> **Work to be completed**
Omit all pictures and transcribe only the lines in the entries below that run from the line with "Pair of circa" through the line with "MTM Special OPS".

> **Information given**
----
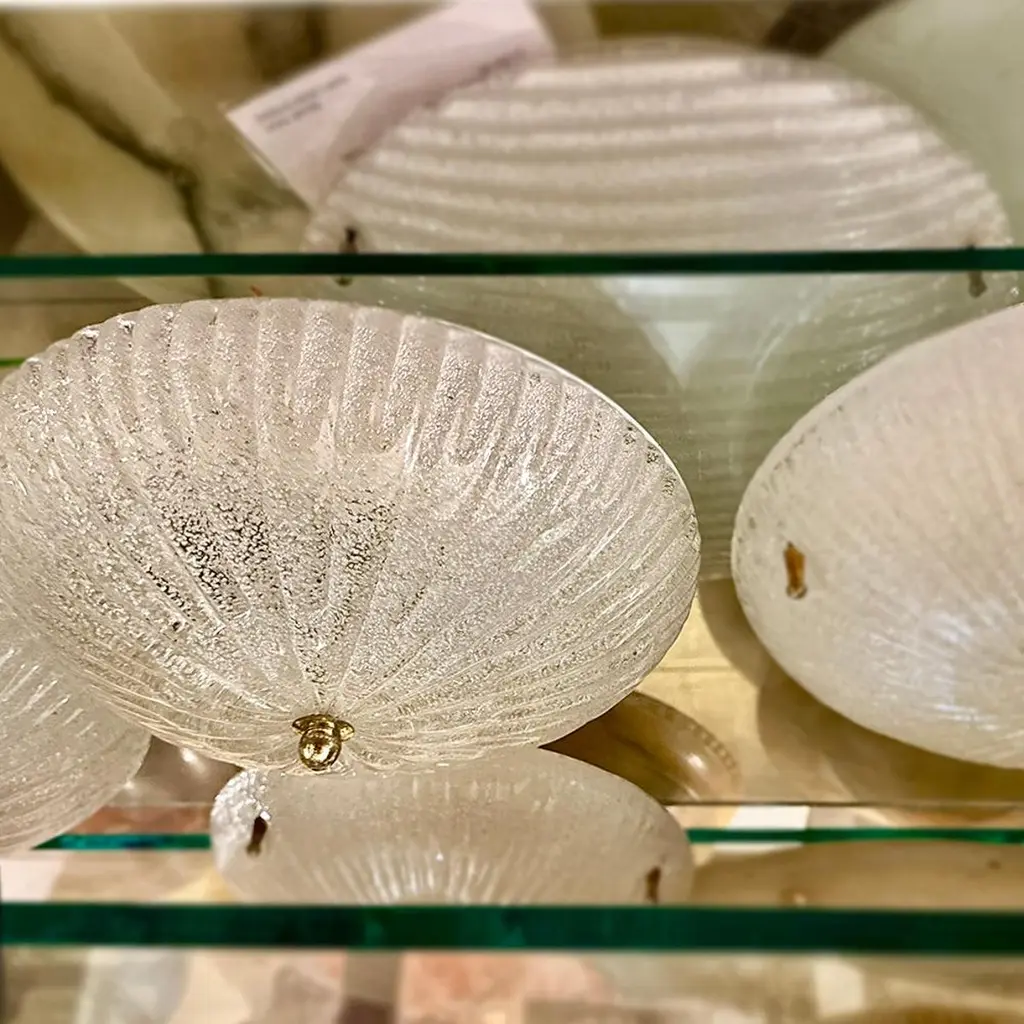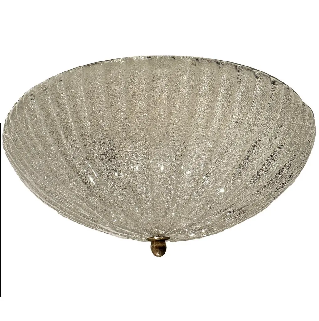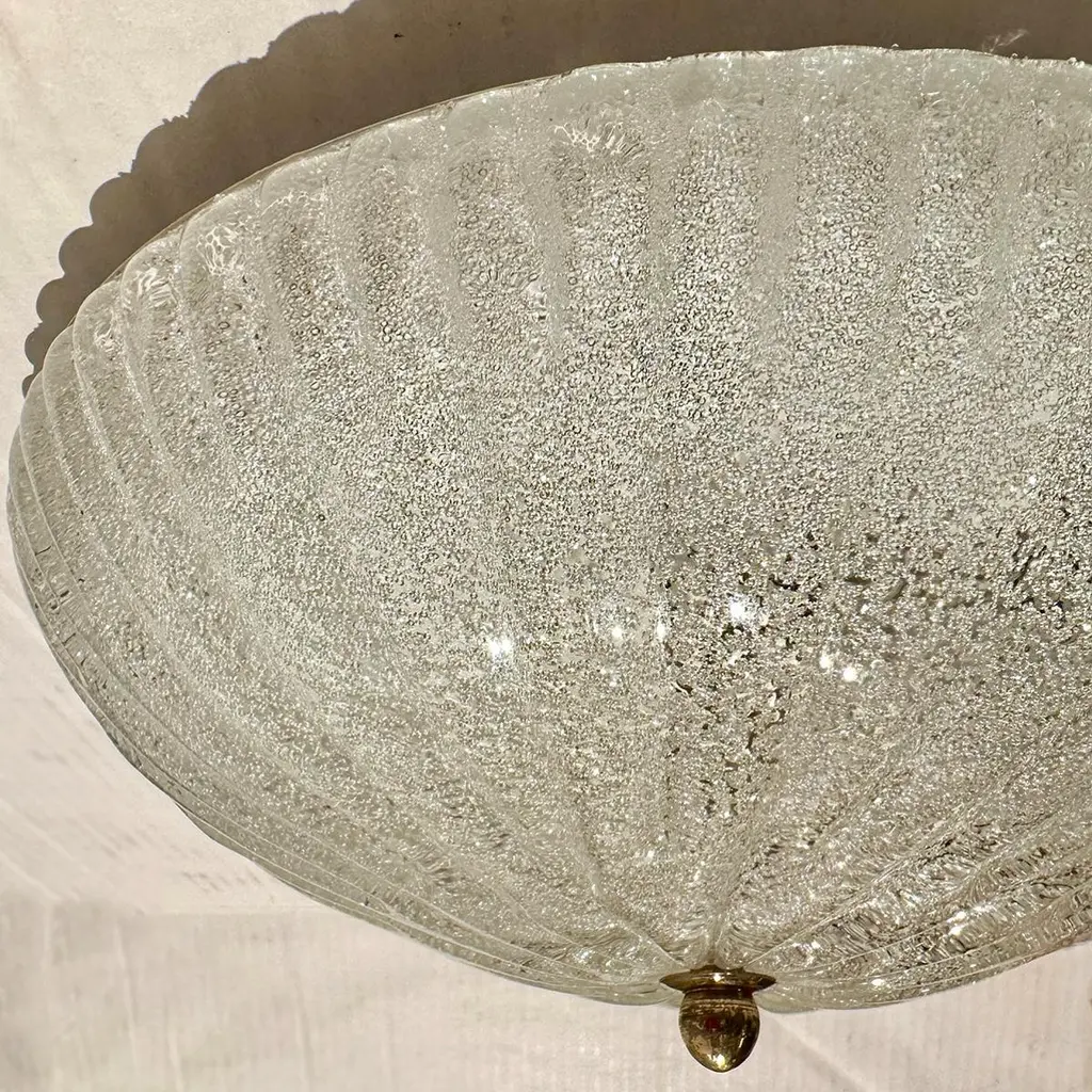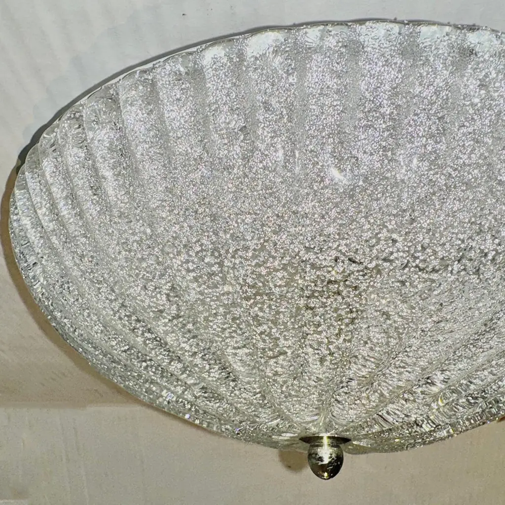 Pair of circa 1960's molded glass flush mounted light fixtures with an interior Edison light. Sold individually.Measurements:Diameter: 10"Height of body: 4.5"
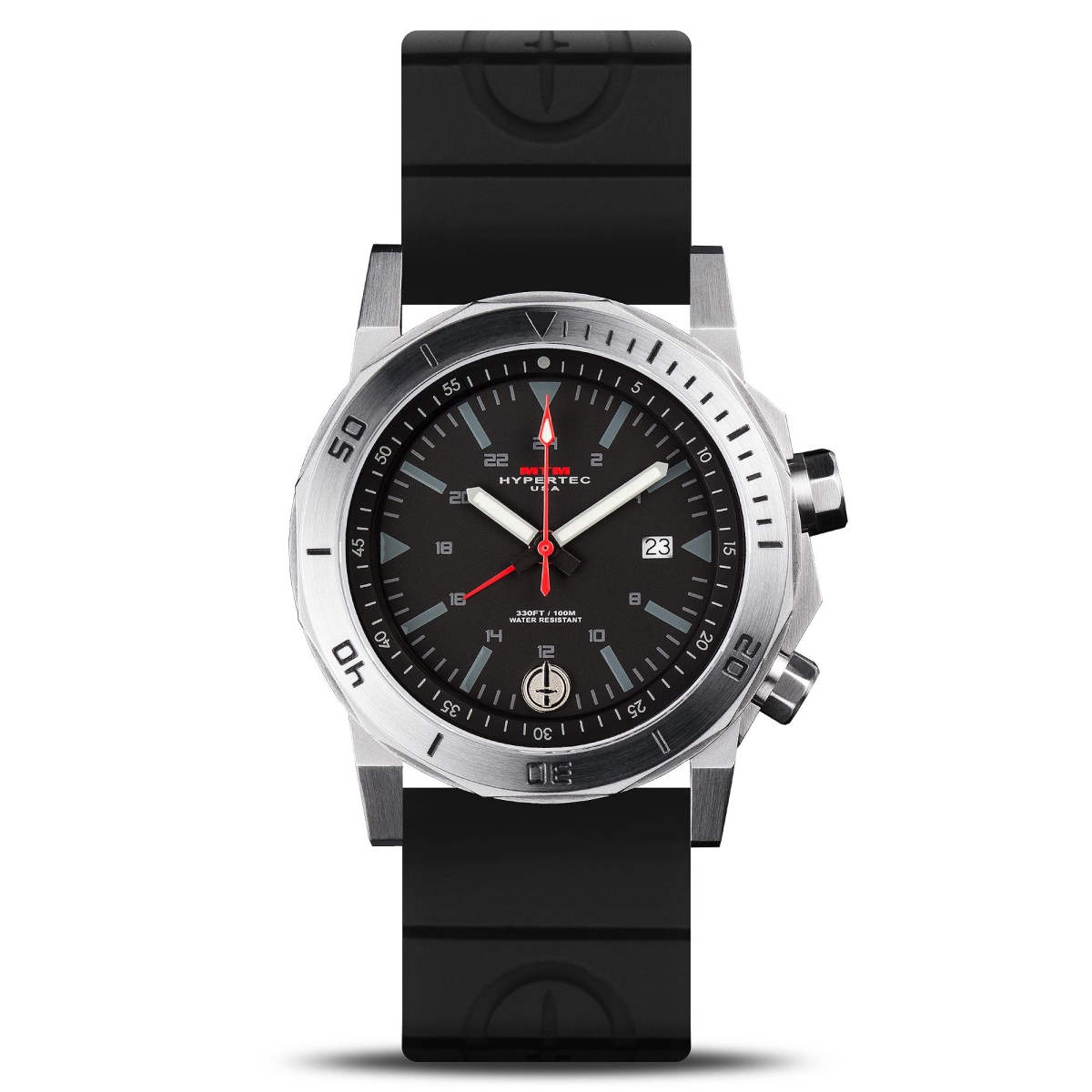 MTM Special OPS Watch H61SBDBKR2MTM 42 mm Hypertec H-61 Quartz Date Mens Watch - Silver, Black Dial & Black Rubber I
----
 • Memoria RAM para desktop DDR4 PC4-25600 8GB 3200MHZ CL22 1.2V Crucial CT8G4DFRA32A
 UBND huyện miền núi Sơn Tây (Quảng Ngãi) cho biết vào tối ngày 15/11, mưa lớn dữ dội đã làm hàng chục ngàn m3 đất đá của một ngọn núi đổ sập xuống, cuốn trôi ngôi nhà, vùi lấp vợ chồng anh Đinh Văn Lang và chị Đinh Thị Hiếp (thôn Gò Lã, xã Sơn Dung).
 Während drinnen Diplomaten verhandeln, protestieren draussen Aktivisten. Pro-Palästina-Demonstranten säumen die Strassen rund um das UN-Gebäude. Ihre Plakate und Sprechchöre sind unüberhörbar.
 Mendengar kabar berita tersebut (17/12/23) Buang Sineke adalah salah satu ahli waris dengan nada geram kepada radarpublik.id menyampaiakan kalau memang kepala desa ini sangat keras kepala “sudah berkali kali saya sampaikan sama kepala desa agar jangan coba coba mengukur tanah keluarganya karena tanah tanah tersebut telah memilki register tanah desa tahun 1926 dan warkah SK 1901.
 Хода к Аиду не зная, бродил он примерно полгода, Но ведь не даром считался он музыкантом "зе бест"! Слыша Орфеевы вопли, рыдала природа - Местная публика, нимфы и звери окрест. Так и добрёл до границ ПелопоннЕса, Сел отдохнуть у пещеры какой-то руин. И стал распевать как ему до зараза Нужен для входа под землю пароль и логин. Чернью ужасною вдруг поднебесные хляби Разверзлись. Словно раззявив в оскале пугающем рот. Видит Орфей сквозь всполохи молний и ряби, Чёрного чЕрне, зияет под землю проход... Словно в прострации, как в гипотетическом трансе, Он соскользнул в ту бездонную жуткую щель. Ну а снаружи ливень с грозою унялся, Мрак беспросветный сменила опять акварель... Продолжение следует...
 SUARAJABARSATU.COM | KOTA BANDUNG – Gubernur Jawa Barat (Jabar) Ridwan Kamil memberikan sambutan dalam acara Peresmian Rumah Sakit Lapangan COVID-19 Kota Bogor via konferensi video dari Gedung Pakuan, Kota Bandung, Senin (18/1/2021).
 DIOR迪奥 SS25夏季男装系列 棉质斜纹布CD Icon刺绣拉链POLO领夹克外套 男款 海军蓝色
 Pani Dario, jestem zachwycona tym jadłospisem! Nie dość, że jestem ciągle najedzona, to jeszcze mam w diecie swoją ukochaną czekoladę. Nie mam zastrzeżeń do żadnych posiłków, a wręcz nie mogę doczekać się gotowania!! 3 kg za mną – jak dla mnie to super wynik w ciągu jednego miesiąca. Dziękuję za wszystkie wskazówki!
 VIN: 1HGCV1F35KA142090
----
> **Answer to this exercise**
 Pair of circa 1960's molded glass flush mounted light fixtures with an interior Edison light. Sold individually.Measurements:Diameter: 10"Height of body: 4.5"
 MTM Special OPS Watch H61SBDBKR2MTM 42 mm Hypertec H-61 Quartz Date Mens Watch - Silver, Black Dial & Black Rubber I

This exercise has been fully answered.